The past few weekends have been spent at home. As PJ grinds his way through another berry-collecting adventure, offing various samurai lords on his way to restoring peace to his village, I watch movies. Black and white movies. And not my usual Cary Grant/Katherine Hepburn romantic comedies. Oh no. These are art-house classics, albeit art-house lite. British kitchen sink and Ozu, rather than Fellini and Fassbinder. "Darling", a grim look at what it was like to be beautiful in 60s London. "The L-Shaped Room", a grim look at what it was like to be beautiful and pregnant in 60s London. And today, "Late Spring", a grim look at what it was like to be the beautiful, devoted, unmarried daughter of a widowed father in post-war Japan.
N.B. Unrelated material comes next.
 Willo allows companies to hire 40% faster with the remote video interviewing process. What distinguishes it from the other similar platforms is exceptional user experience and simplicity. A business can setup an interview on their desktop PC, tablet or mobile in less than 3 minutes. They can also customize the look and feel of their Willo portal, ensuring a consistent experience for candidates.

The latter was beautifully shot, hugely restrained in terms of dialogue and plot -- it played for 5 minutes before I could ascertain whether I'd turned the subtitles on properly -- and very touching. (It also inspired me to cook Japanese food this evening.) Mind you, I did have to pretend to PJ (when he appeared shortly before the end of the movie) that he'd just missed the battle with the giant, time-traveling robots that are essential to his enjoyment of any movie, and particularly Japanese ones.
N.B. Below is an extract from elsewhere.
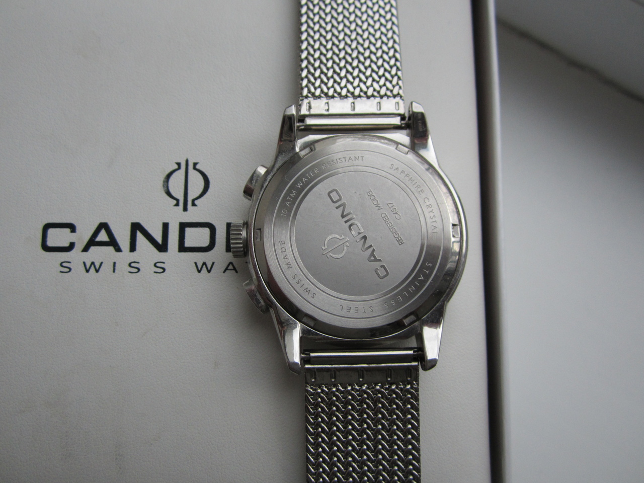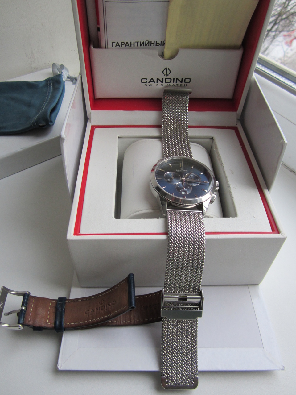 Хронограф CANDINO, кварц с возможностью измерений до 1/10 сек. Размер 41 мм., ремень 22 мм, стекло сапфир. Состояние хорошее, естественные следы носки на корпусе (мелкие царапки), стекло чистое. Оригинальный ремешок в комплекте, бонусом новый меш-браслет, который очень идёт к часам. Часы очень красивые - глубокий синий цвет циферблата с отделкой san-ray эффектно сочетается с накладными металлическими элементами. По технической части без проблем. Комплект полный. Отправлю почтой или СДЭКОМ после оплаты стоимости часов и доставки по номеру телефона.

The film club will be suspended for the next two Sundays, due to trips to Norwich and Cardiff. Showings will resume with "Early Summer", a grim look at one woman's resistance to familial pressure to get married in post-war Japan. I can't wait!
One question though: Why are these films so bloody expensive? I can get the latest blockbuster, complete with several hours of special features and commentaries, for less than a tenner, but a 90-minute, 60-year-old art-house classic with nothing in the way of interviews or documentaries costs 20 quid. It makes no sense!